Fuente:
Polymers
Polymers, Vol. 18, Pages 933: Explainable Ensemble Machine Learning for the Prediction and Optimization of Pozzolanic Concrete Compressive Strength
Polymers doi: 10.3390/polym18080933
Authors:
Sebghatullah Jueyendah
Elif Ağcakoca
Pozzolanic concrete demonstrates intricate, highly nonlinear material interactions that pose significant challenges for the accurate prediction of compressive strength (CS). This study introduces a novel, interpretable ensemble machine learning (ML) framework for predicting CS based on 759 mixture records encompassing cement, aggregates, supplementary cementitious materials (pozzolans), water/binder (W/B), superplasticizer, water, and curing age. Descriptive analysis and ANOVA were used to identify key predictors, followed by an 80/20 train–test split with 10-fold cross-validation to ensure robust and generalizable modeling.

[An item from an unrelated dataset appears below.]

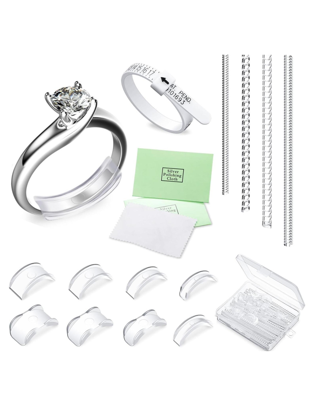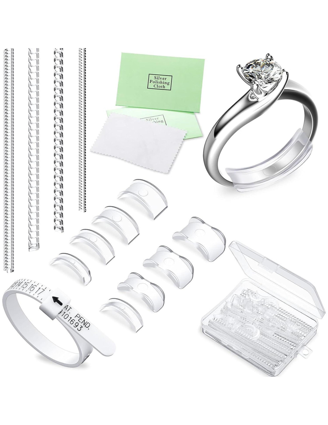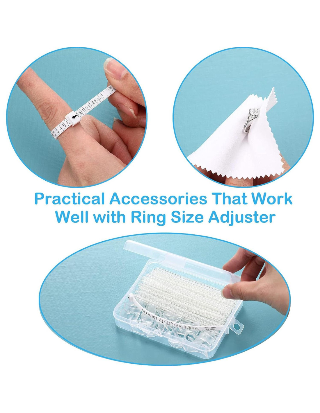 - Ocasiones adecuadas: estos ajustadores de tamaño de anillo con cinta métrica útil, paño para joyas y conjunto de caja organizadora se pueden aplicar para muchas ocasiones, pueden proteger tu anillo de rayones mientras haces tareas del hogar, ideal para bodas, trabajo y uso diario; Nota: Mantener fuera del alcance de niños menores de tres años, ya que pueden ser tragados.

To further enhance model reliability, 5% of outliers were removed using an isolation forest algorithm, after which data were normalized and ensemble hyperparameters optimized. Among the evaluated models, the extra trees algorithm with standard scaling demonstrated the most stable generalization, achieving a coefficient of determination (R2) of 0.978 and a root mean square error (RMSE) of 4.197 MPa on the test set, and R2 = 0.966 (RMSE = 5.053 MPa) under 10-fold cross-validation. Feature importance, SHAP, and partial dependence analyses consistently demonstrated that W/B, curing age, and cement are the principal determinants of CS. Finally, multi-objective optimization generated high-strength, low-impact mixtures, confirming the framework’s effectiveness as a transparent decision-support tool for performance- and sustainability-oriented pozzolanic concrete design. This study is novel in combining interpretable ensemble ML with multi-objective optimization to simultaneously achieve precise CS prediction and the formulation of sustainable, performance-optimized pozzolanic concrete mixtures.